5. Section 247 lays down the general principle that the accused is entitled to an acquittal, if the complainant is absent without sufficient cause. The complainant has not shown sufficient cause for his absence or the absence of his law agent on the 4th March 1959. It was held in Sudhir Kumar Neogi v. Emperor, AIR 1942 Pat 46 that, when the complainant is absent, the only course open to the Magistrate is to, ordinarily, acquit the accused, or for proper reason, adjourn the case.

In the present case, the Magistrate adopted the ordinary course, ‘apparently because he did not find adequate reason to adjourn the case; and it cannot be said that the Magistrate exercised his discretion wrongly. The learned advccate for the appellant has relied on a subsequent decision of this Court in State of Bihar v. Deodar Jha, AIR 1958 Pat 51, where it was held that refusal by a Magistrate to acquit the accused under Section 247, when the complainant was absent, was justified. This decision does not, however, help the appellant.

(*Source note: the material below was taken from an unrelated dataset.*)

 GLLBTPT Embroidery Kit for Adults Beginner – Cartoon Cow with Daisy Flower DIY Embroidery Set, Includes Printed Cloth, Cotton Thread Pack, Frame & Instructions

That was an appeal against the acquittal of the accused by the Magistrate on merits of the case long after the dates on which the complainant had been absent and the Magistrate had adjourned the case. During the hearing of the appeal against the acquittal on merits, it was argued on behalf of the accused respondent that the Magistrate ought to have acquitted him on account of the absence of the complainant on the 9th April and the 24th April. But the court found that the complainant had turned up after the first hour on the 9th April and he had intimated to the Magistrate on the 24th April that he would not be able to come to court on that date.

This Court observed that the order to be passed under Section 247 depends upon the facts of each case and held that, in view of the facts stated above, the Magistrate was justified in not acquitting the accused and in adjourning the case on the 9th April and the 24th April. In the present case, however, on the facts stated already, the Magistrate was justified in acquitting the accused, and there is no justification for interference with his order.

 6.     In  the result, there is no merit in  the appeal.     It is  accordingly  dismissed.